Pearl

views updated Jun 11 2018

PEARL

PEARL . The making of the natural pearl commences when a grain of sand from the ocean or river floor works its way into the body of a pearl-bearing mollusk. To protect itself from this alien source of agitation, the mollusk secretes a substance (nacre, or mother-of-pearl) that slowly and cumulatively coats the foreign body until it loses its abrasive contours and becomes smooth and spherical in shape. On account of its singular origin, the pearl has been a symbol of sacred power since ancient times.

In many archaic cultures the marine shell, because of its appearance, is associated with the female genitalia, and the pearl is believed to be both the sacred product and the emblem of the feminine generative power. The pearl thus symbolizes both the life that is created and the mysterious force that begets life. One example of this reproductive symbolism is found in Beiya, a Chinese text of the eleventh century ce.

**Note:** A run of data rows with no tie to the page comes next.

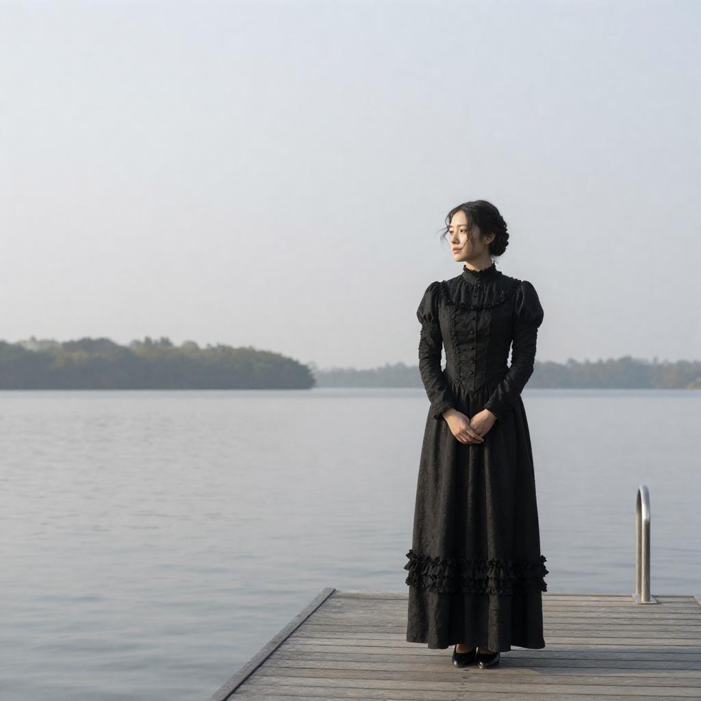 Photograph of a woman in a long, black, Victorian-style dress standing on a wooden dock by a calm lake. She gazes into the distance with her hands clasped in front. The dock has a metal ladder on the right, and the lake stretches out to a distant treeline under a bright, overcast sky.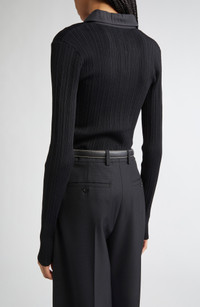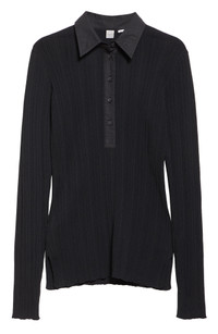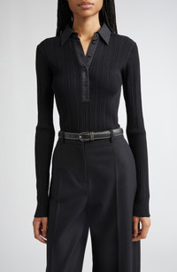 A refined button half placket and contrast accents elevate the sporty aesthetic of this long-sleeve polo, while sculpting ribbed knitwork defines its figure-flaunting silhouette. Button half placket Long sleeves 82% Naia™ acetate, 18% polyamide Naia acetate is a cellulosic fiber consisting of 60% sustainable wood pulp and 40% certified recycled material Dry clean or hand wash, dry flat Imported Designer Clothing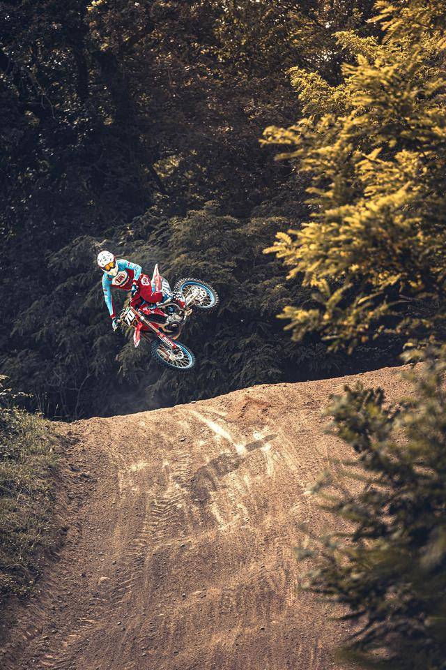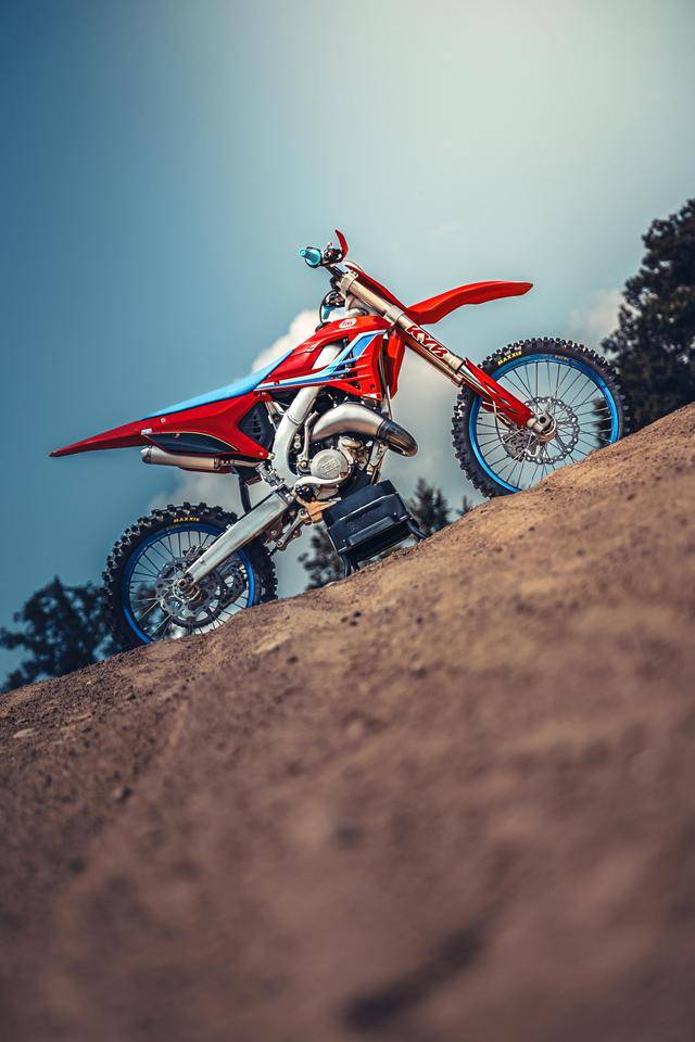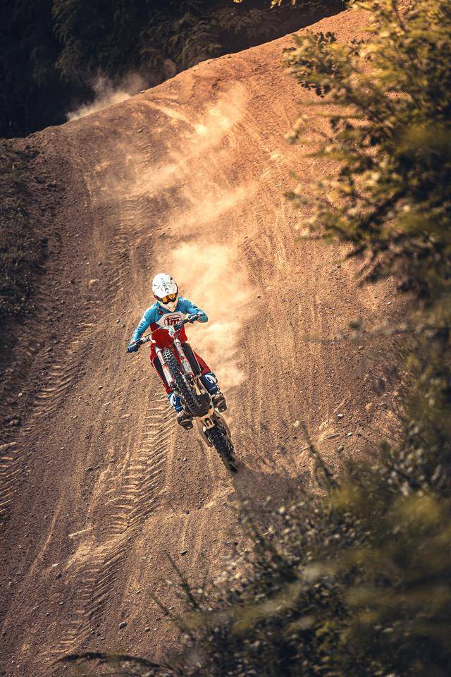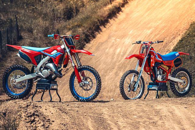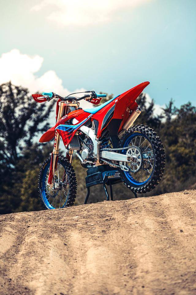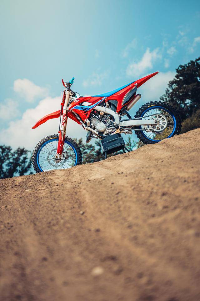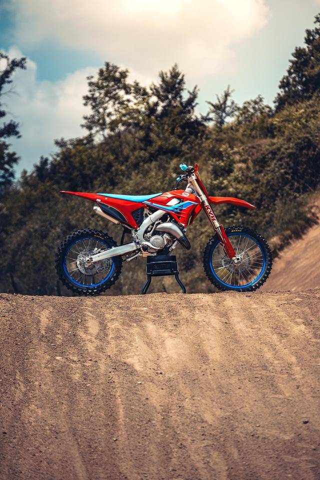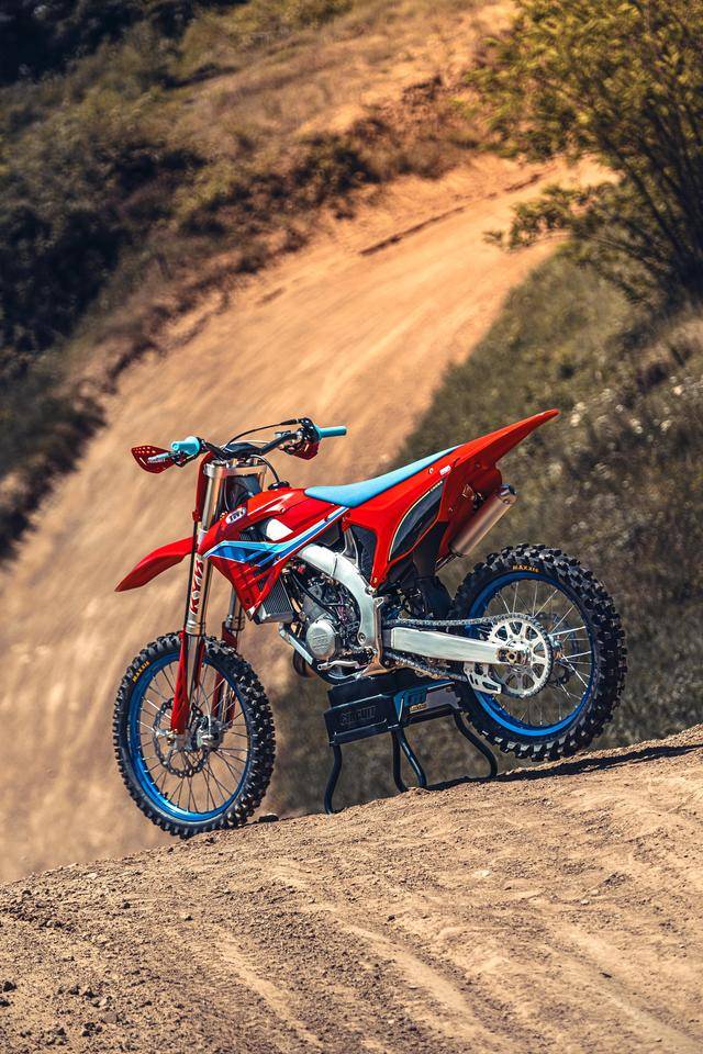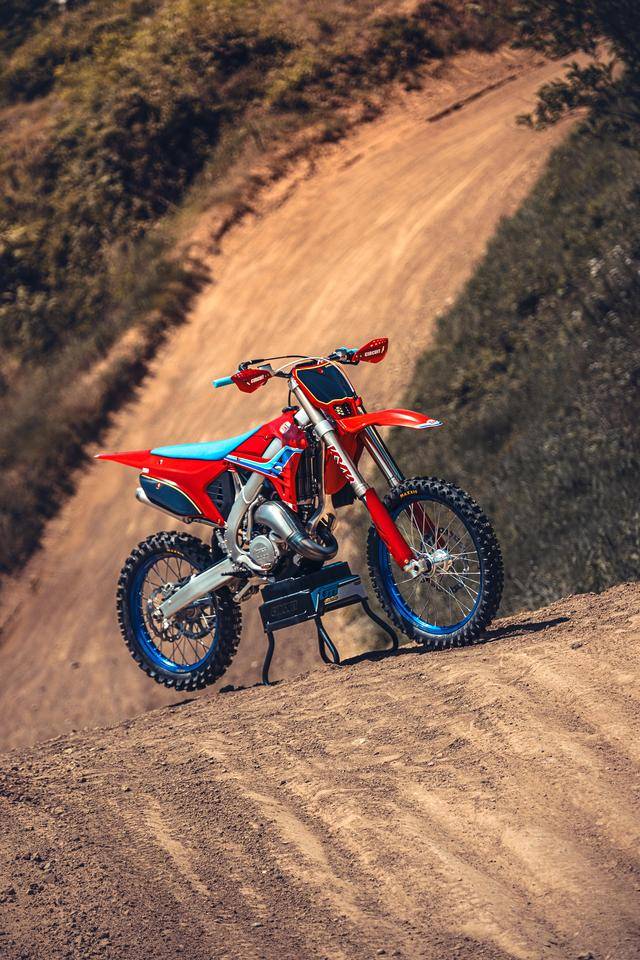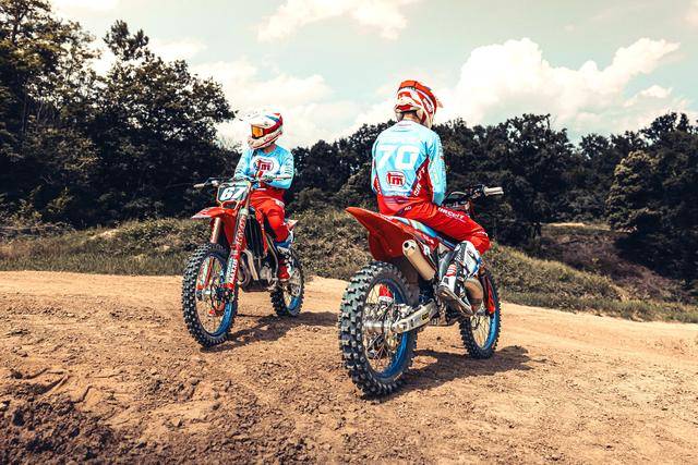 除了紅色的車身圖案,TM 標(biāo)志性的藍(lán)色、也用于鞍座和前輪車輪,從而讓該系列的 2025 夢想限量版既帶有最初的色彩、也有著近現(xiàn)代的元素。而全部限量版車型均采用了鋁合金制的雙翼樑式車架,則是 TM 在全尺寸越野賽車?yán)锩娴臉?biāo)志。

The author of Beiya likens the pearl to a developing fetus and calls the oyster "the womb of the pearl." The anthropomorphic image for this sacred power is the goddess of love. In the ancient Mediterranean world, shells and pearls were often symbols for the great goddesses. In a manner analogous to the pearl's origin in an oyster, Aphrodite was born from a marine conch, and the Syrian goddess was known as the Lady of Pearls.

It is through this connection with feminine generative power that the pearl becomes a symbol for regeneration and rebirth as well. As a regenerative force, the pearl is often thought to have the power to heal or protect from harm. Throughout the Middle Ages and into the seventeenth century, a debate flourished among European physicians concerning the best way to prepare a pearl for healing purposes: Should it be ground or dissolved? In either case, an elixir containing a pearl was prescribed for numerous physical ailments. An Eastern example of the belief in the power of the pearl to protect life is found in the iconography of the bodhisattva Kitigarbha, who is especially venerated in Japanese Buddhism by pregnant women and young children as the protector of all weak and suffering humanity; statues and images depict Kitigarbha holding a pearl, his emblem, in his left hand. Because of their connection with rebirth and resurrection, pearls have been found in the tombs of rulers in lands as far apart as Egypt and the Americas. In Laos, a pearl is inserted into each orifice of a corpse to effect safe passage into the next world.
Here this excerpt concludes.